(REQUIRED ACTION): What is wanted is every line below from the one with "電腦端看課:從醫(yī)學(xué)教育" up to and including the one with "Eltern: Gutsbesitzer Friedrich", retyped exactly, pictures excluded, nothing else.

══ SUPPLIED DATA

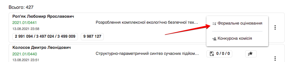 Першим кроком при роботі з заявкою необхідно вказати інформацію про те чи пройшла заявка процедуру формального оцінювання. Для цього необхідно натиснути на вертикальні крапки вказані на рисунку вище. Обрати з переліку пункт “Формальне оцінювання”
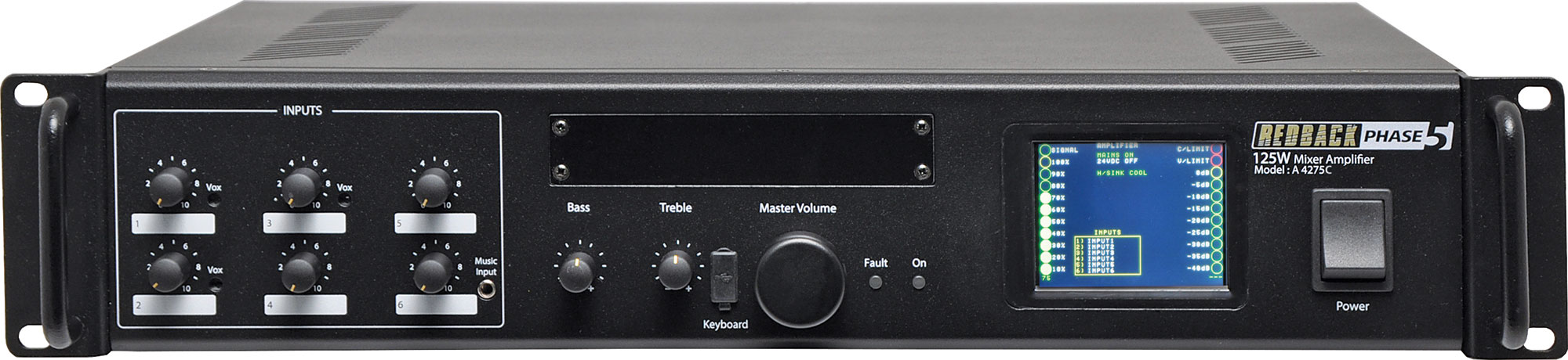 Engineered for professional PA installations, the A 4275C conservatively delivers 125W RMS power. Including three levels of input priority, bass and treble controls and phantom powering capability enable unparalleled flexibility for a wide scope of applications such as schools, shopping centres, workshops, mine sites and office buildings.
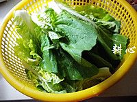 小白菜用清水浸泡20分钟,然后择洗干净,沥干,待用。
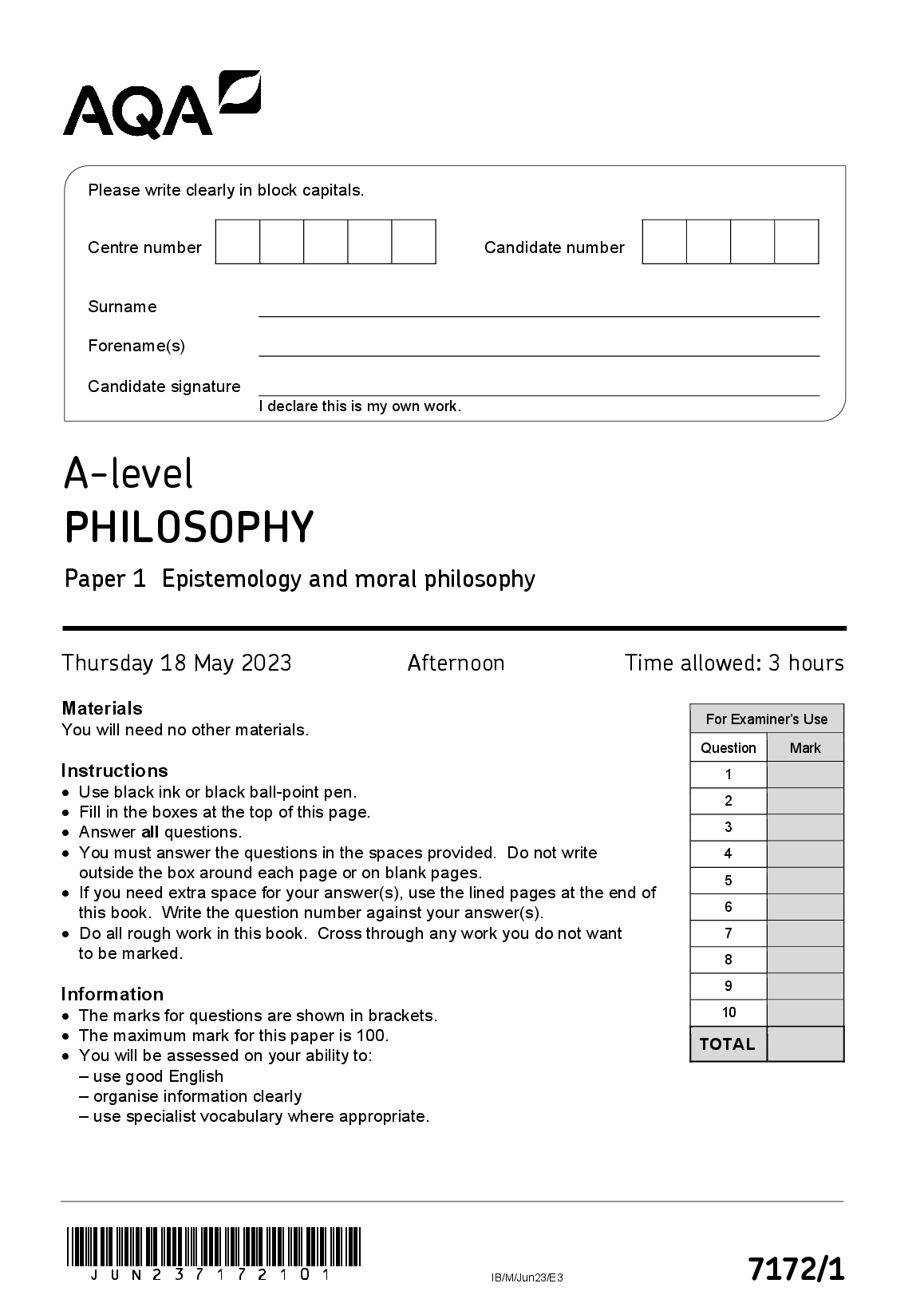 AQA A LEVEL PHILOSOPHY PAPER 1 QUESTION PAPER 2023 (7172/1: Epistemology and moral philosophy). DOWNLOAD OFFICIAL AND VERIFIED AQA A LEVEL PHILOSOPHY PAPER 1 QUESTION PAPER 2023 ON www.leakedexams.com.
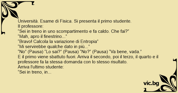 Politechnika. Egzamin z fizyki. Profesor, który wstał lewą nogą zaczyna pytać pierwszego delikwenta: - Jedzie pan autobusem i jest straszliwie gorąco. Co pan zrobi? - Otworzę okno. - Bardzo dobrze...
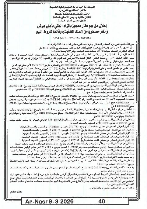 | Paru dans le journal : النصر | |
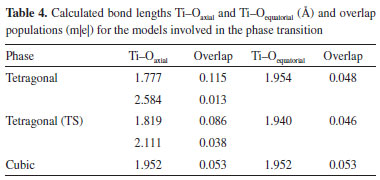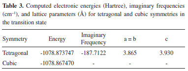 Departamento de Química, Universidade Estadual de Ponta Grossa, 84030-900 Ponta Grossa - PR, Brasil Recebido em 05/12/2013 * e-mail: srlazaro@uepg.br Resulting from ion displacement in a solid under pressure, piezoelectricity is an electrical polarization that can be observed in perovskite-type electronic ceramics, such as PbTiO3, which present cubic and tetragonal symmetries at different pressures. The transition between these crystalline phases is determined theoretically through the bulk modulus from the relationship between material energy and volume. However, the change in the material molecular structure is responsible for the piezoelectric effect. In this study, density functional theory calculations using the Becke 3-Parameter-Lee-Yang-Parr hybrid functional were employed to investigate the structure and properties associated with the transition state of the tetragonal-cubic phase change in PbTiO3 material. INTRODUCTION Quantum mechanical simulations of material molecular structures play an important role in explaining material properties at the molecular level. Ferroelectricity, piezoelectricity, pyroelectricity, and other properties depend on the molecular structure of the materials because electronic density changes according to composition, atomic organization, and chemical bond. Actually, several materials may exhibit similar properties but different structures. Therefore, organic, inorganic, and biological structures can display the same properties. For instance, organic and inorganic materials can present spontaneous polarization properties; organic, inorganic, and biological molecular structures may show optical properties. In particular, oxides called perovskites, which mainly consist of titanate materials,1,2 exhibit ferro-, piezo-, opto-, and pyroelectricity properties3-6 that have been extensively applied to electrical systems such as memories, gas sensors, and transducers.7-9 Ferro- and piezoelectric properties rely on material composition and arrangement. For instance, the ferro- and piezoelectricity of PbTiO3 (PT) in the tetragonal phase are macroscopically characterized by determining the d33 values in the [111], [011], and [001] directions, because these properties stem from linear combinations of microscopic vectors in these directions. Generally, domain-engineered Relaxor-PT single crystals present extremely large piezoelectric coefficients for the longitudinal vibration mode while crystals with single domain states display very low longitudinal properties and ultrahigh shear.10 PT single crystals have shown a high electromechanical coupling constant and a large spontaneous polarization.11-13 Kushida and Takeuchi reported the formation of PT thin films presenting electromechanical coupling constants reaching 0.8 on patterned Pt electrode films embedded in SrTiO3 single crystals by seeded lateral overgrowth. These constants resulted from the orientation of the electrode-supported PT thin film on the c-axis, showing that piezo- and pyroelectricity depended on crystallographic axis orientation in this material.11 PT exhibits tetragonal and cubic phases, of which the tetragonal phase forms a more stable structure under ambient conditions. Tetragonal PT presents ferroelectric properties, a P4 mm spatial group with experimental lattice parameters a and c of 3.904 (a = b) and 4.152 Å (c/a = 1.064), respectively, and an experimental band gap of approximately 3.4 eV. Cubic PT is a dielectric material displaying a Pm3 m spatial group, an experimental lattice parameter a of 3.865 Å (a = b = c), and an experimental band gap of 3.6 eV.14-19 The tetragonal-cubic phase transition relies on temperature and pressure. The ferroelectric-paraelectric phase transition of PT occurred at a Curie temperature Tc of 766 K.20 The bulk modulus is defined as the pressure required for triggering phase transition. The experimental bulk modulus amounts to approximately 104 and 144 GPa for tetragonal and cubic PT phases, respectively.19 Under pressure, crystal structure and physical properties can be effectively changed by variations in the atom positions in the unit cell and the electron density.21 In PT, tetragonality and ferroelectricity are suppressed with increasing pressure at ambient temperature to produce a paraelectric cubic phase above 12 GPa.22 In recent years, numerous theoretical and experimental studies have been developed to investigate the phase transition of different perovskites.23,24 Supercell-based density functional theory (DFT) simulations have shown that the formation energies of possible vacancies in the band gap range of PT depend on oxygen partial pressures. These authors observed the influence of oxygen partial pressures on vacancy energetic states in this material.25 DFT simulations based on spin Hamiltonian models and Green's function techniques have been performed to investigate the influence of oxygen vacancy on the ferromagnetic properties of ferroelectric perovskite nanoparticles. This study demonstrated that the oxygen vacancy changes the spin electronic structure of the ferroelectric perovskite ABO3 nanoparticles without requiring additional magnetic impurities such as Co, Fe, and Ni. Polarization and magnetization depend on particle size, and an intermediate size interval is observed for multiferroic ferroelectric nanoparticles.26 An ab initio model based on DFT and a plane wave approximation has been proposed to study the influence of applied electric fields on piezoelectric response in perovskite superlattices formed by PT/SrTiO3 and BaTiO3/CaTiO3 interfaces. This model provided a relationship between electric field, displacement field, and PT composition that explains how the interface between these materials is influenced mainly in the [001] direction.27 The determination of timescales to study the phase transition with respect to symmetry and nanodomains in perovskites superlattices suggested piezoelectric field distortions with analysis pulses of ap
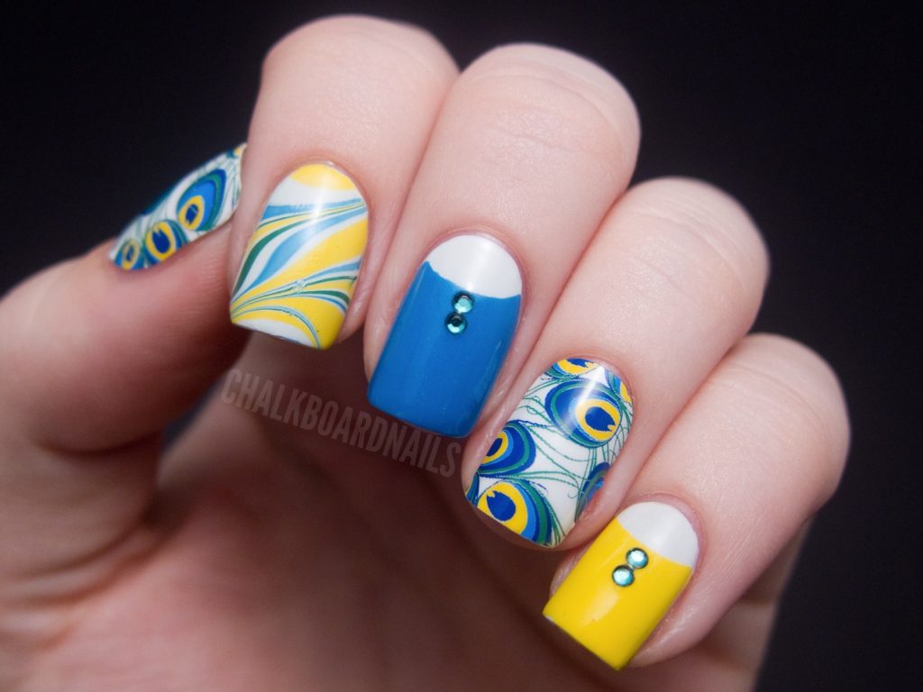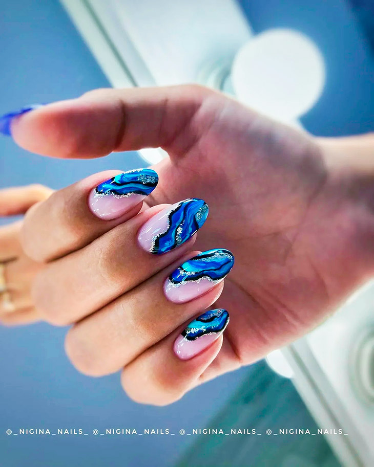 Разбитое стекло или размытые полосы белого и синего цветов могут помочь создать эффект воды. Нестандартным решением станет геометрический маникюр в оттенках синего или белого, дополненный скотчем.
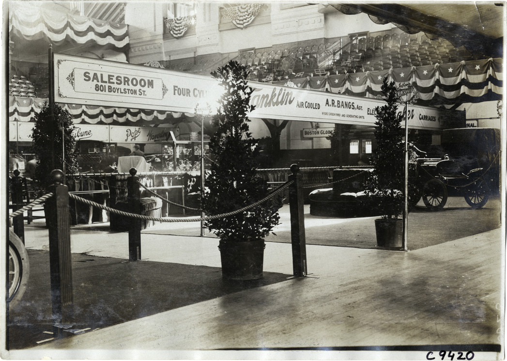 View of 1905 Franklin car in display at trade show. Room is decorated with plants and bunting; sign over display reads: "Four cylinder Franklin air cooled, salesroom, 801 Boyleston St., A.R. Bangs, Agt." Handwritten on back: "Franklin, 1905."
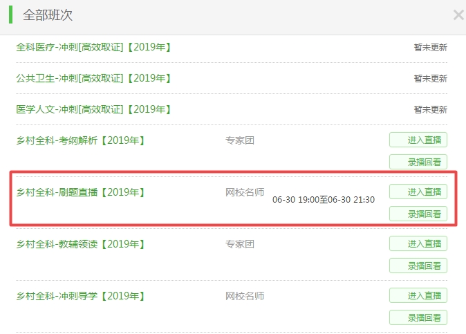 電腦端看課:從醫(yī)學(xué)教育網(wǎng)首頁(yè)進(jìn)入“我的網(wǎng)校我的家”-“我的課程”-“查看全部班次”-“刷題直播”(示例如下)
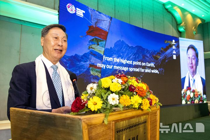 [카트만두=뉴시스] 사진공동취재단 = 강태선 BYN블랙야크그룹 회장이 5일(현지 시간) 네팔 카트만두에서 열린 '서밋 포 어스'에서 '히말라야 기후헌장 2025'를 발표하고 있다. 2025.07.07. [email protected]
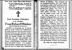 Eltern: Gutsbesitzer Friedrich Denhoven u. Gertrud geb. Steprath; ∞ 22.1.1916 Richard Münker aus Allrath; starb beim Besuch der kranken Mutter in Otzenrath; Todesursache: Lungenentzündung; 1 K. |
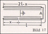 c) Messung mit Kapazitätsmeßbrücke (vergleich auch Kapazitäts-Meßbrücke) Die gebrochene Ader wird mit einer gesunden Ader bei A verbunden (Bild 17). Gemessen werden die Kapazitäten gegen Erde von x (= Ci) und von 2 1 — x (= C2). Da die Leitungslängen verhältnisgleich den Kapazitäten sind, ergibt sich: x : (2 l — x) = C1 : C2 x = 2 l * C1 / (C1 + C2) Mit der Kapazitäts-Meßbrücke läßt sich auch bei weniger guter Isolation höhe Meßgenauigkeit erzielen, da der Fehlwinkel durch einen Phasen-Abgleich- widerstand ausgeglichen und scharfes Tonminimum im Kopfhörer erzielt werden kann.
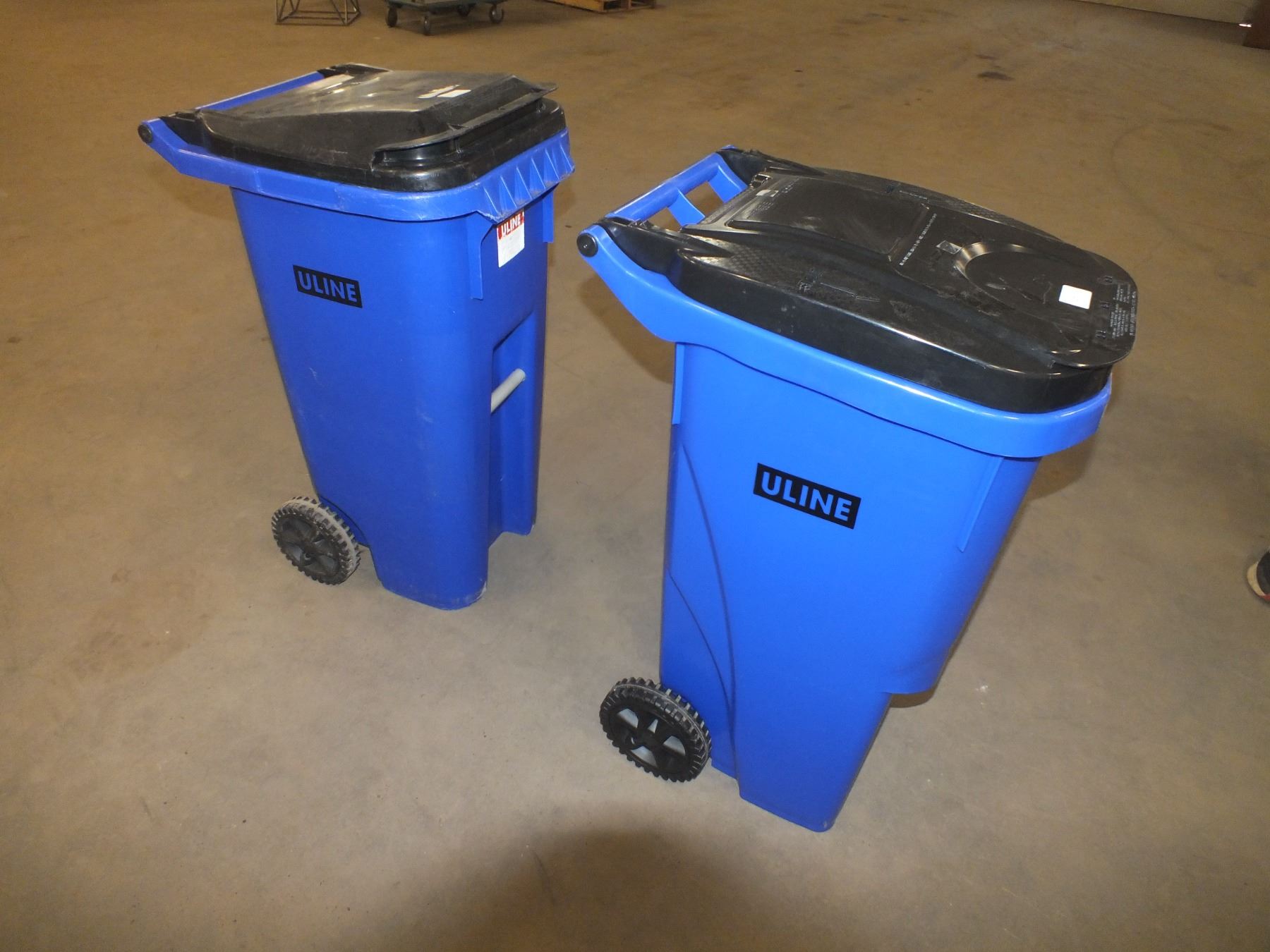 Two 35 gal Garbage Cans On wheels...sold as is / where is...used

════

(ANSWER FOR THE TASK):
 電腦端看課:從醫(yī)學(xué)教育網(wǎng)首頁(yè)進(jìn)入“我的網(wǎng)校我的家”-“我的課程”-“查看全部班次”-“刷題直播”(示例如下)
 [카트만두=뉴시스] 사진공동취재단 = 강태선 BYN블랙야크그룹 회장이 5일(현지 시간) 네팔 카트만두에서 열린 '서밋 포 어스'에서 '히말라야 기후헌장 2025'를 발표하고 있다. 2025.07.07. [email protected]
 Eltern: Gutsbesitzer Friedrich Denhoven u. Gertrud geb. Steprath; ∞ 22.1.1916 Richard Münker aus Allrath; starb beim Besuch der kranken Mutter in Otzenrath; Todesursache: Lungenentzündung; 1 K. |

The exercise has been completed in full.